Голос старика превратился в рычание, и доктор Гарри невольно отшатнулся. Старик выбросил вперед здоровую руку, схватив доктора за запястье. У него была крепкая хватка.

— Извините, — сказал доктор, пытаясь вырвать руку.

Это была ошибка. Слегка прикоснувшись к рукоятке, вздорный старик направил инвалидное кресло вперед, и доктор Гарри почувствовал, как что-то обхватило его левое бедро. Он посмотрел вниз: его держала железная клешня. Она прорвала халат, который почему-то начал краснеть. Неужели он что-то пролил? Нет, конечно же, нет. А голос рычал уже в самое ухо.

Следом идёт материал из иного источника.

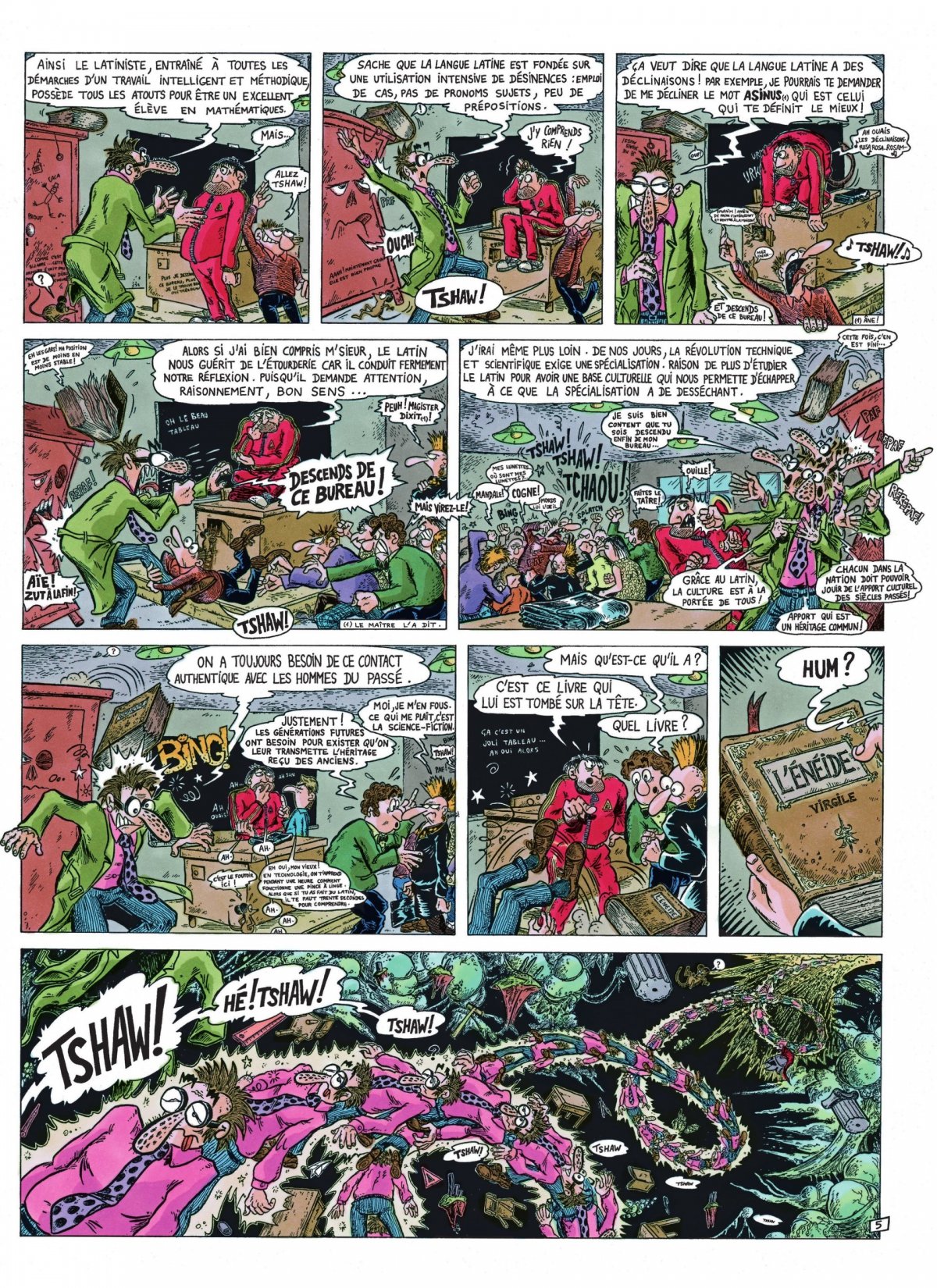 Après son extraordinaire aventure en Grèce, notre héros, Alcibiade Didascaux, professeur de latin, n’est pas prêt à renouveler l’expérience d’un retour dans le temps comme l’y invite son collègue le professeur de Physique Agénor. Qu’à cela ne tienne ! Un énorme volume de l’Enéide juché sur une armoire de classe échoit sur son crâne et l’assomme. Le voilà parti en rêve dans la Rome primitive dont il revit l’époque légendaire. Il aura la désagréable surprise de s’éveiller dans l’abominable machine du professeur Agénor auquel l’ont amené ses élèves pendant son sommeil et il ne peut échapper cette fois à une nouvelle expérience. Nous le retrouvons en 509 avant J.-C. dans une tombe étrusque, contraint de revivre l’histoire de rome après en avoir rêvé la légende. Par bonds successifs dans le temps, il parcourt cette histoire jusqu’à ce qu’il se retrouve enrôlé comme légionnaire dans les armées du consul Marius. C’est le début de nouvelles aventures que nous raconte le deuxième volume, consacré à l’époque impériale.

— Ты думал, я мертв, доктор Смит! Харолд К. Смит. Ты считал, что убил меня в тот день. Ты убил мое будущее, но не мой дух. Я живу. И все эти годы я жил ради тебя. И ради этого момента.

Доктор Гарри попытался схватить старика за запястье: может, удастся повредить провода в пластиковом рукаве.

Но клешня с душераздирающим жужжанием погружалась в плоть, и доктор Гарри упал на колени.

— Илза! — крикнул старик.

Но доктор Гарри сквозь звон в ушах расслышал только какой-то лающий звук. Боль становилась нестерпимой. В дверь ворвалась блондинка.

— А-а, он еще жив. — В ее голосе слышалось разочарование.

— Я бы не стал звать тебя, если бы мне не нужна была помощь! — рявкнул старик. — Держи его.

Доктор Гарри почувствовал, как чьи-то пальцы вонзились ему в плечи, удерживая его на коленях. Он попытался сопротивляться, но безуспешно. И тут сквозь шум в ушах до него донесся стрекот металлической клешни, нащупывающей его горло. Последнее, что он слышал, были слова девушки:

— Надеюсь, этот не уделает меня с ног до головы.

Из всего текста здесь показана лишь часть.